2. Ascertaining the differences between the prior art and the claims at issue.
3. Resolving the level of ordinary skill in the pertinent art.
4. Considering objective evidence present in the application indicating obviousness or nonobviousness.
Claims 1-3 rejected under 35 U.S.C. 103 as being unpatentable over Schreiner: 20100014692 hereinafter Sch and further in view of Johnston: 8908874: hereinafter John.

Regarding claim 1
Sch teaches:
An audio decoding method, comprising: 
receiving an encoded bitstream, generated by an audio encoder (Sch: ¶ 13, 59, 87-91: a set of audio objects downmixed to a multichannel signal and transmitted to a user such as using a Dolby, and/or MPEG, etc., type codec, wherein the signal comprises a multichannel audio data and further comprises audio metadata directive of loudness and dynamic range control thereon),
the encoded bitstream including encoded multi-channel input audio data and processing state metadata including a loudness value (Sch: ¶ 49-53, 59, 76, 87-90, 130-152; Fig 10: multichannel audio signal further comprising a plurality of metadata parameters for gain, compression, etc.; such as well-known Dolby metadata functionalities of Dialog Normalization, and Dynamic Range Control); 
decoding the encoded multi-channel input audio data (Sch: ¶ 130-152; Fig 10: a decoder is implemented for output of the received downmixed multichannel audio in concert with received metadata parameters) to obtain decoded multi- channel audio data (Sch: ¶ 130-152; Fig 10: mult9i-channel audio decoded in concert with metadata parameters directive of audio characteristics is output from dry/wet controller);
receiving signaling data indicating whether loudness processing should be performed on the decoded multi-channel audio data (Sch: ¶ 130-152; Fig 10: system optionally receives user mode control data which determines a user decision to implement user directed processing modes instead of processing the objects, channels, etc. in concert with the metadata, further in the absences of both processing metadata and user directed processing data the relevant processing is not performed; that is, metadata parameters transmitted directs adjusting of the audio components relevant to the parameters and/or user signaling data directs loudness processing thereof) or not performed on the decoded multi-channel audio data (Sch: ¶ 130-152; Fig 10: e.g. by employ or instantiation of other modes which do not require loudness, normalization, etc. processing, such as a mode for location of channels in diverse positions); 
when said signaling data indicates that loudness processing should be performed on the decoded multi-channel audio data (Sch: ¶ 130-152; Fig 10: the presence of mode data specifying loudness processing, or a dry/wet signal is used to output the metadata processing of the multichannel audio or in the absence of user determined mode data the presence of loudness or dynamic range control metadata relevant to a particular channel, object, etc.; components with no transmitted metadata remain unchanged): 
obtaining the loudness value from the processing state metadata (Sch: ¶ 44-55; 130-152; Fig 10: the system reads well known or extended metadata including metadata borne gain values, dialogue normalization values, dynamic range control values, etc.); and 
normalizing loudness of said decoded multi-channel audio data according to the loudness value, to provide output audio data (Sch: ¶ 13, 59, 87-91, 117, 118, 160; Fig 7, 10, 11: system normalizes dialog, loudness, etc. gain of a plurality of channels based on read metadata such as the well-known audio metadata directive of loudness and dynamic range control thereon such as by using an object matrix bearing an audio signal power value suitable to for each of a plurality of objects including normalization or under direction of a dialnorm parameter).
To be sure the Sch specification largely deals with object type processing rather than multiple channel processing, however Sch teaches that the discussed metadata is well known to operate upon multiple channel data as well (see at least Sch: ¶ 13, 59, 87-90, 91) Furthermore,  strongly suggests but does not explicitly teach signaling data explicitly directive of whether loudness processing is or is not performed on the decoded multi-channel audio data (Sch: ¶ 130-152; Fig 10: absences of processing metadata and user directed processing data causes the relevant processing to not be performed).

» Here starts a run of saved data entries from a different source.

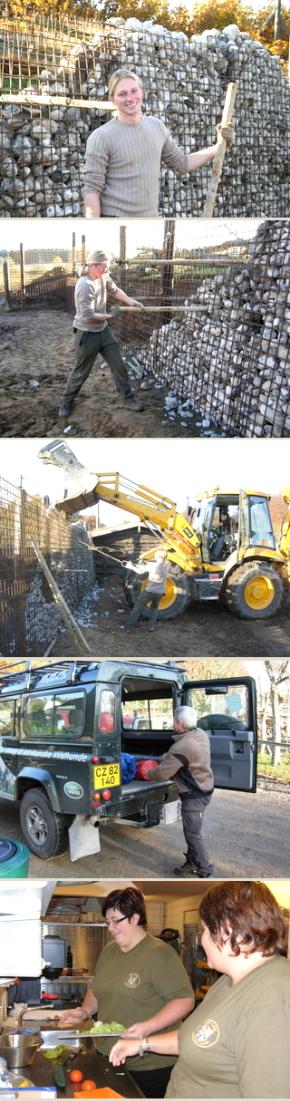 [øverst] Dyrepasser Carsten Laigaard Jensen knokler med at bygge en booma til sjældne asiatiske vildæsler. [midten] Teambuildingleder Morten Kjær skal pakke grej til mange arrangementer i november [nederst] Randerspigerne Pia Jensen og Sisse Asmussen har travlt i køkkenet med forplejning af gæster og julefrokoster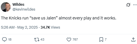 Wildes spotlights New York’s heavy reliance on Jalen Brunson, whose clutch plays propelled the Knicks past Detroit in the first round. Brunson averaged 31 and 8 in the series, including multiple 40-point performances. The tweet became a shorthand for the Knicks’ isolation-heavy offense centered around their star guard.
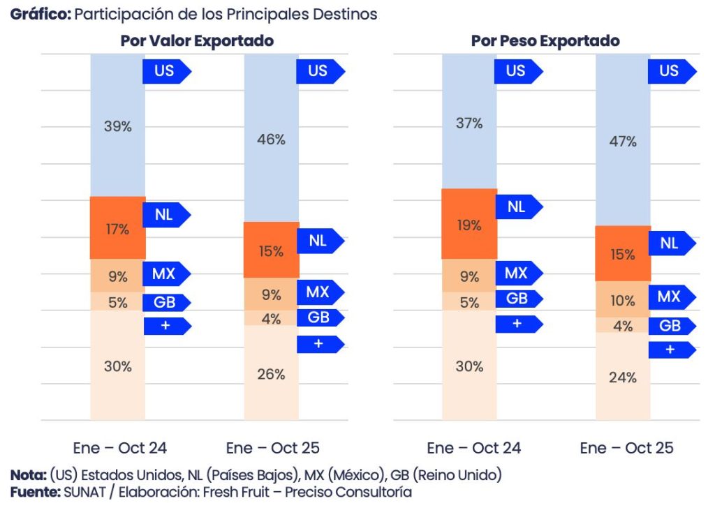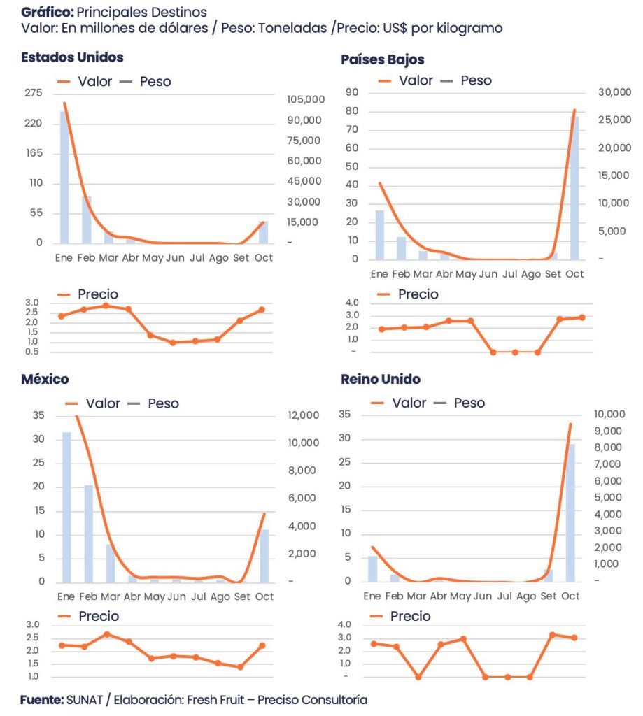 Con el reinicio de cortes en octubre del 2025, Piura, Lambayeque y La Libertad volvieron a marcar el paso, con programas de retail que privilegiaron calibre y consistencia de firmeza. El resultado fue un arranque con volumen sólido y precios contenidos, típico de ventanas con mayor coincidencia de oferta. En octubre se registraron US$ 219 millones y 77,444 toneladas (US$ 2.82/kg), una variación interanual de -3% en valor, +2% en volumen y -4% en precio.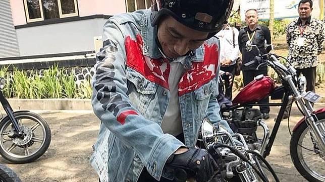 Kenakan Jaket Jeans Jokowi Touring Naik Motor Chopperland Sejauh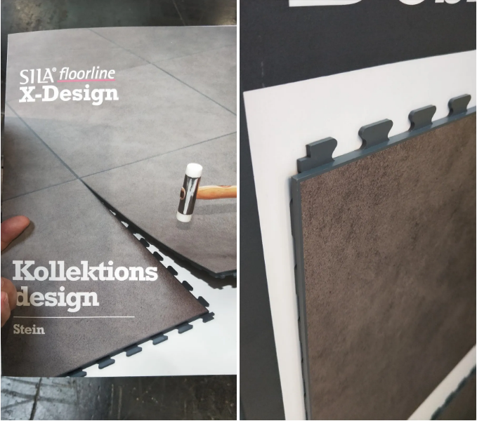 下面的兩種地面材質(zhì)適合對(duì)現(xiàn)有零售賣場(chǎng)地面進(jìn)行改造升級(jí),干法施工、方便快捷。每塊板的相鄰兩個(gè)直角邊為“卯”,另外兩個(gè)邊為“榫”,這樣的承插設(shè)計(jì)的好處是既方便人員操作施工,又可以在其中某一塊板件損壞需更換的時(shí)候方便取下來。這一點(diǎn)跟國(guó)內(nèi)許多快裝地板相比有著獨(dú)特的優(yōu)勢(shì),值得借鑒。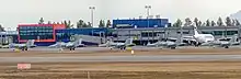 Oulu Airport (IATA: OUL, ICAO: EFOU; Finnish: Oulun lentoasema, Swedish: Uleåborgs flygplats) is located in Oulu, Finland, 5.7 NM (10.6 km; 6.6 mi) south-west[2] of the city centre. The airport is the second busiest in Finland after Helsinki-Vantaa Airport, as measured by the number of passengers (ca. 1.1 million in 2018). There are around 10 daily flights to Helsinki. Oulu Airport is also extensively used by the Finnish Air Force for training purposes and the managing body of the airport is Finavia. Oulu Airport has offered free wireless network access for passengers since May 2007.[4]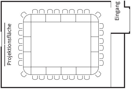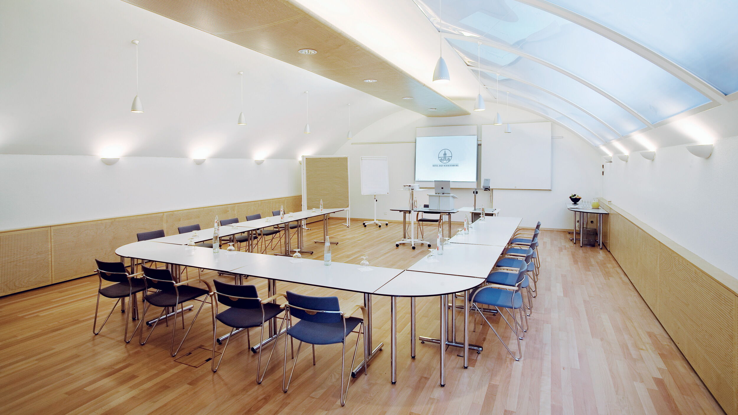 The Birssaal under the semicircular glass roof leaves nothing to be desired in infrastructure for a successful event. The large window offers a view of the Baroque garden.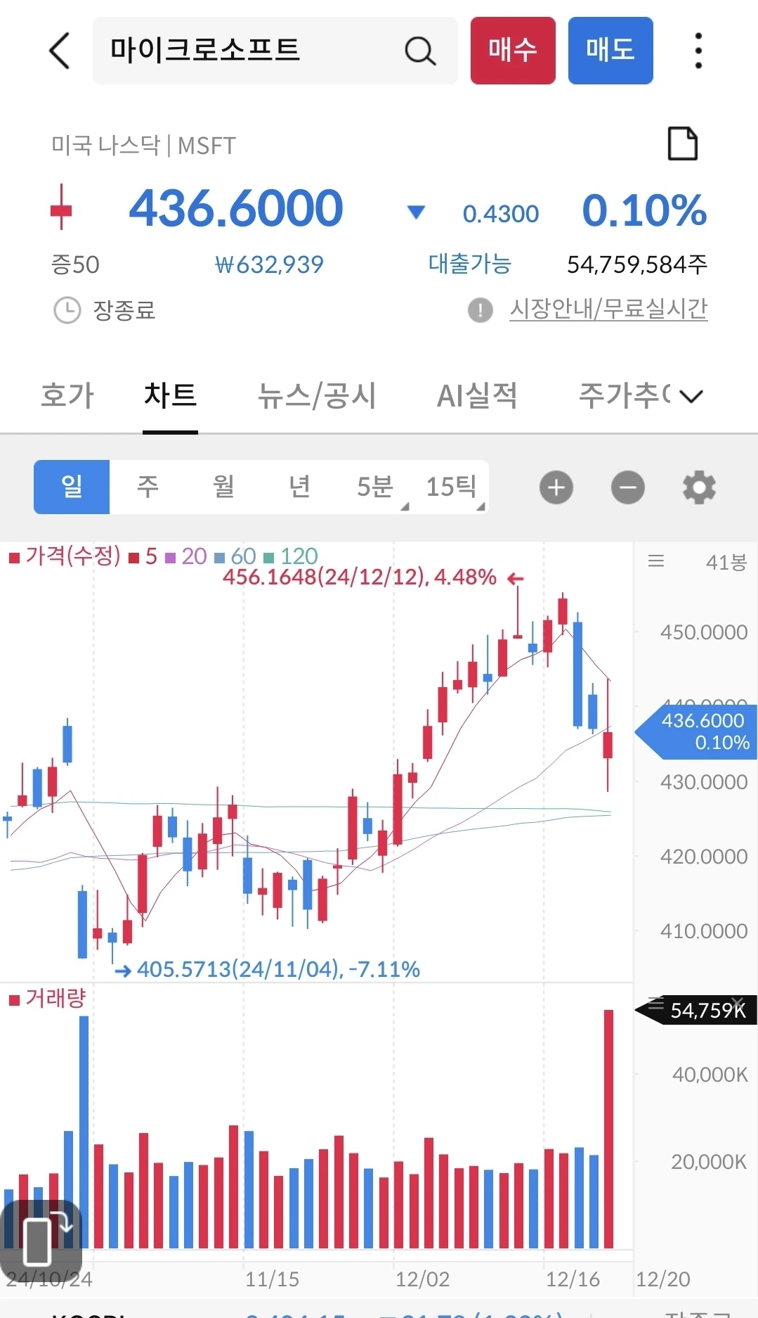 연준의 매파적인 발언에 하락하더니, 금요일에 소폭 상승했다. 마소는 등락을 반복하면서 정체된 느낌이다. 지켜 보면서 기다려 보자.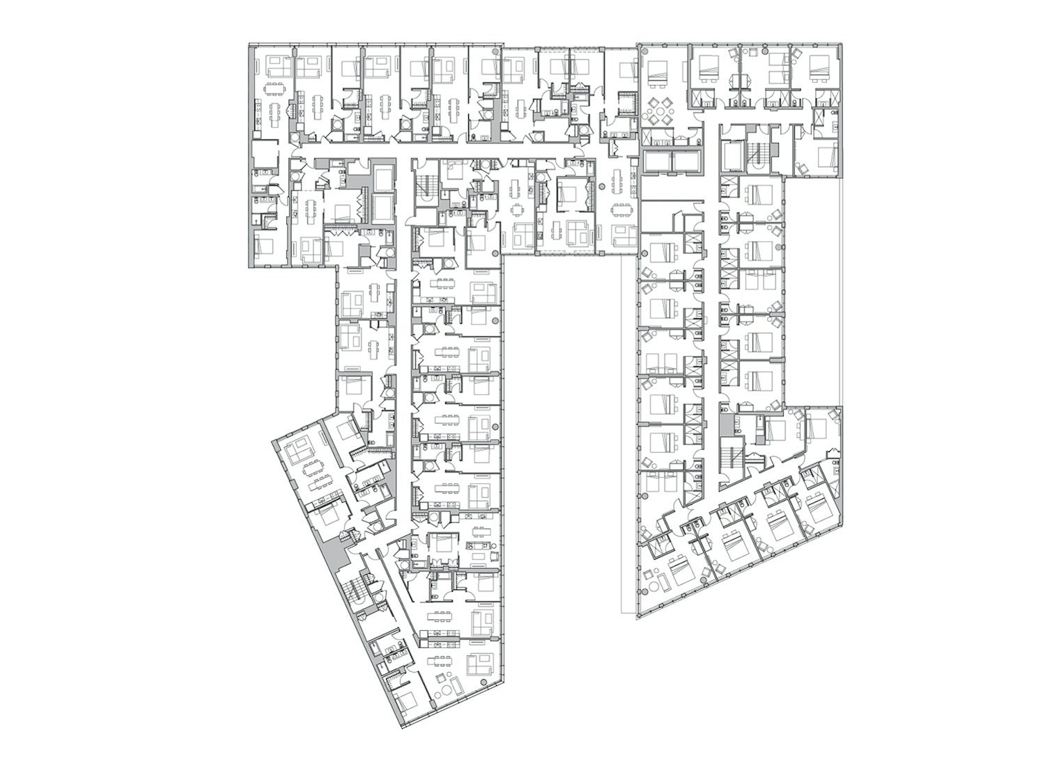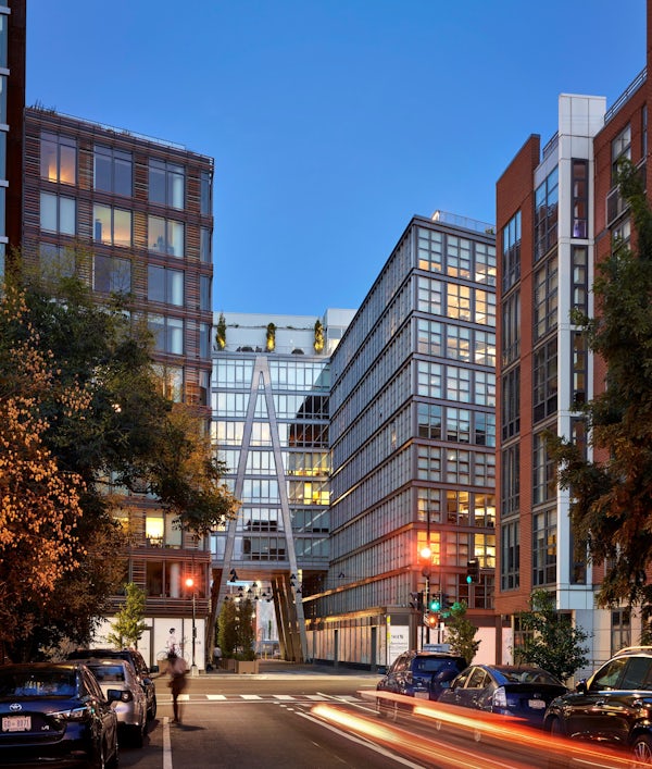 On floors four through nine, the apartments continue into the glass and concrete skybridge that spans a new internal street—inspired by the Dutch woonerf, or “living street.” The skybridge connects the rental building to the structure on the south side of the site, a unique rental building that is home to Whyle, a new short-stay furnished apartment concept.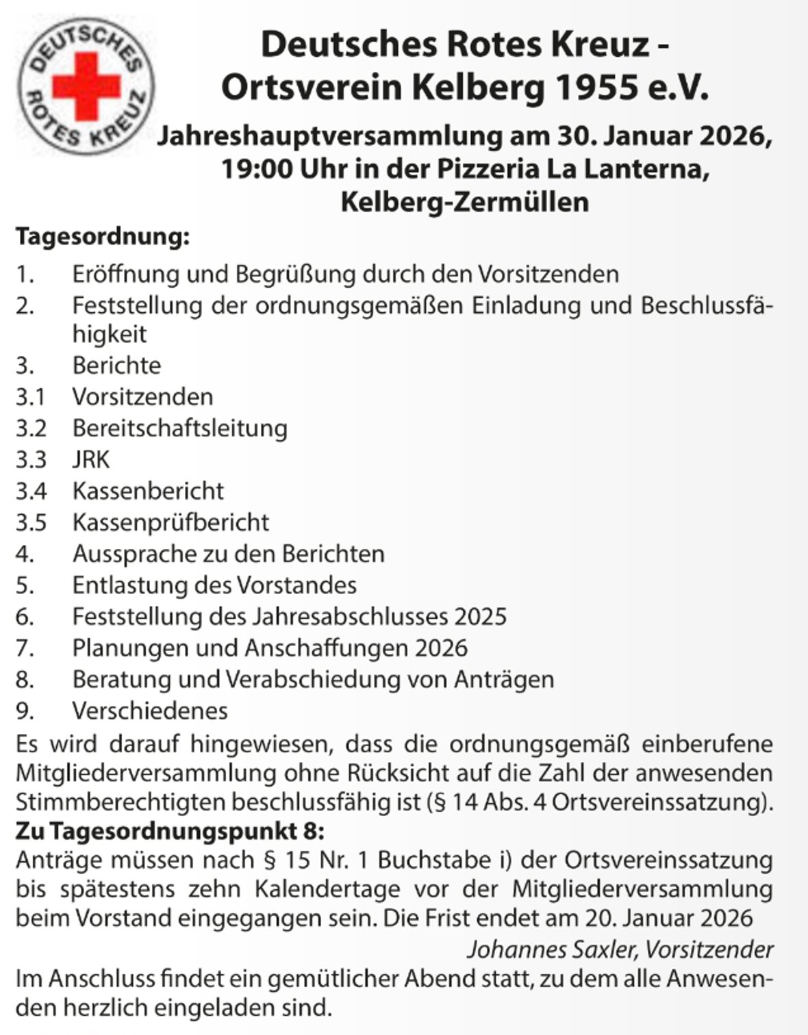 DRK Ortsverein Kelberg - Jahreshauptversammlung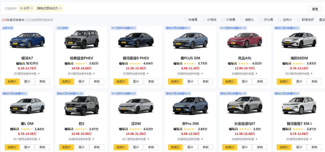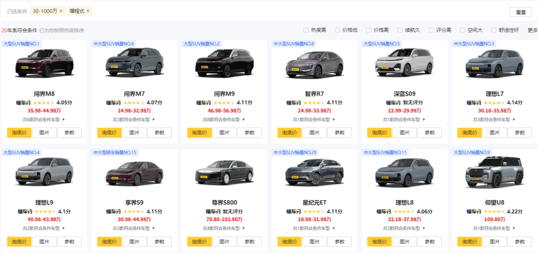 這是之前后臺收到的提問,也暴露了電混領域的尷尬局面,因為答案是幾乎沒有!盡管當下的國內汽車市場各級別各種取向的新能源汽車多如牛毛,但條件設定在30萬元以上時,絕大多數選項都已被過濾掉。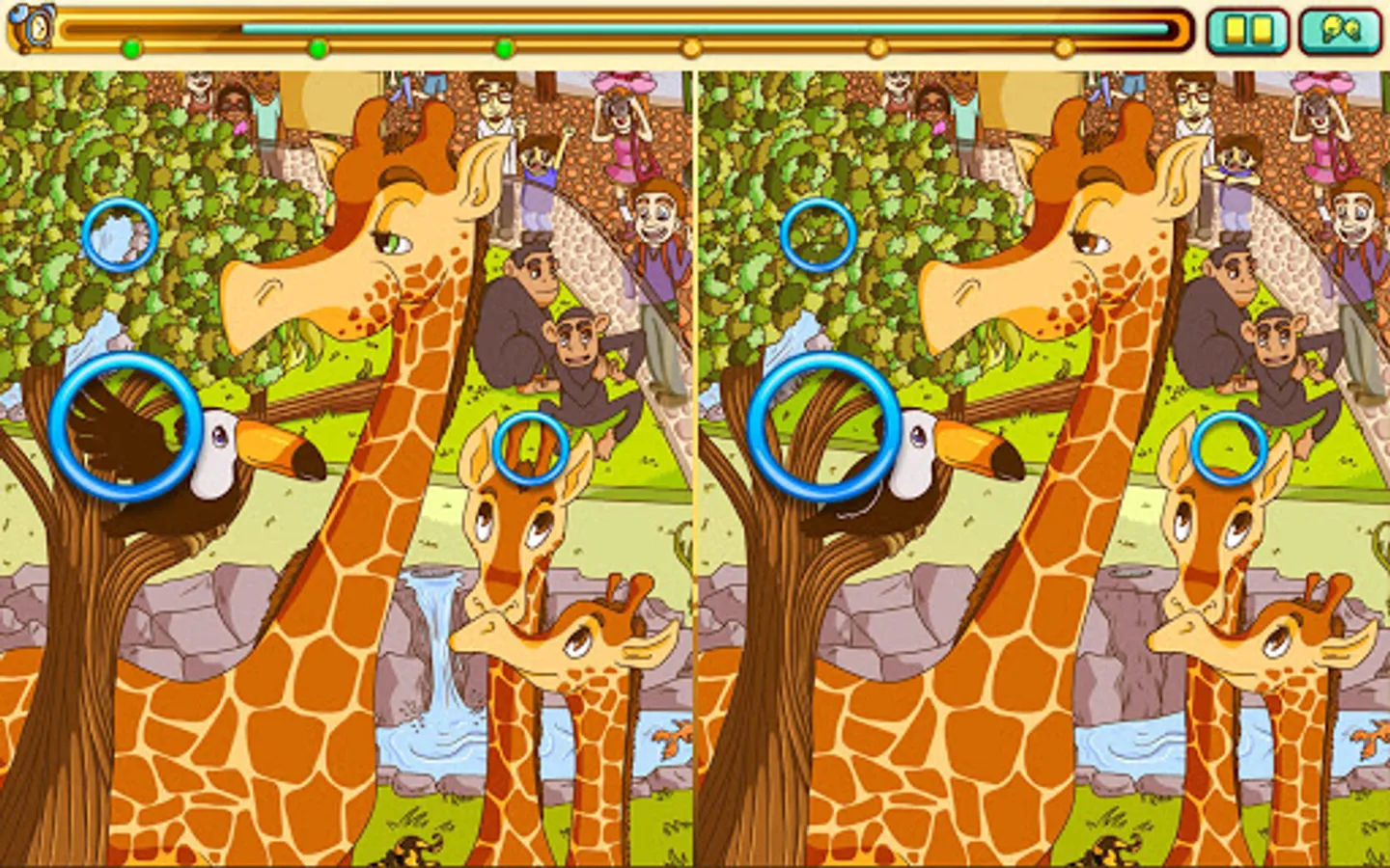 With its unique musical atmosphere and its multiple themes including a birthday party, a zoo, a snowball fight, or a theater play, Spot The Differences 2 will let you find 400 differences accross 10 different board sets.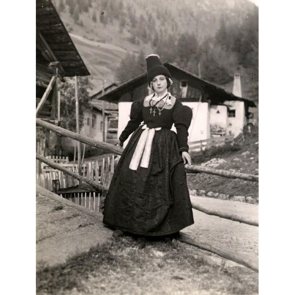 VAL GARDENA, PLAN, DONNA IN COSTUME SEDUTA SU DI UNA STACCIONATA DAVANTI AD UNA BAITA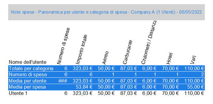 È ormai possibile estrarre una sintesi delle spese dichiarate da un collaboratore e per categoria.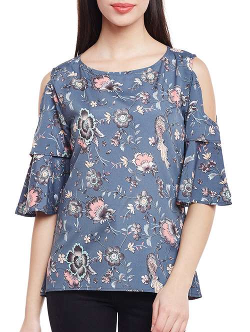 blue printed crepe tunic
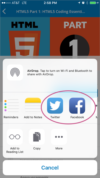 On the certificate web page, select the badge sharing icon.

As such Examiner takes official notice that it would have been obvious to one of ordinary skill in the art before the effective filing date of the instant application to utilize the metadata and signaling discussed by Sch for direction of loudness control and normalization on the Sch disclosed multi-channel audio data, such as when decoding a Dolby or MPEG type encoded audio signal. The average skilled practitioner would have been motivated to do so for the purpose of allowing data driven or user driven metadata control over output of multichannel audio signals and would have expected only predictable results therefrom.

As such, Sch strongly suggests but does not explicitly teach signaling data directive of whether loudness processing is not performed on the decoded audio data (Sch: ¶ 130-152; Fig 10: absences of processing metadata and user directed processing data causes the relevant processing to not be performed).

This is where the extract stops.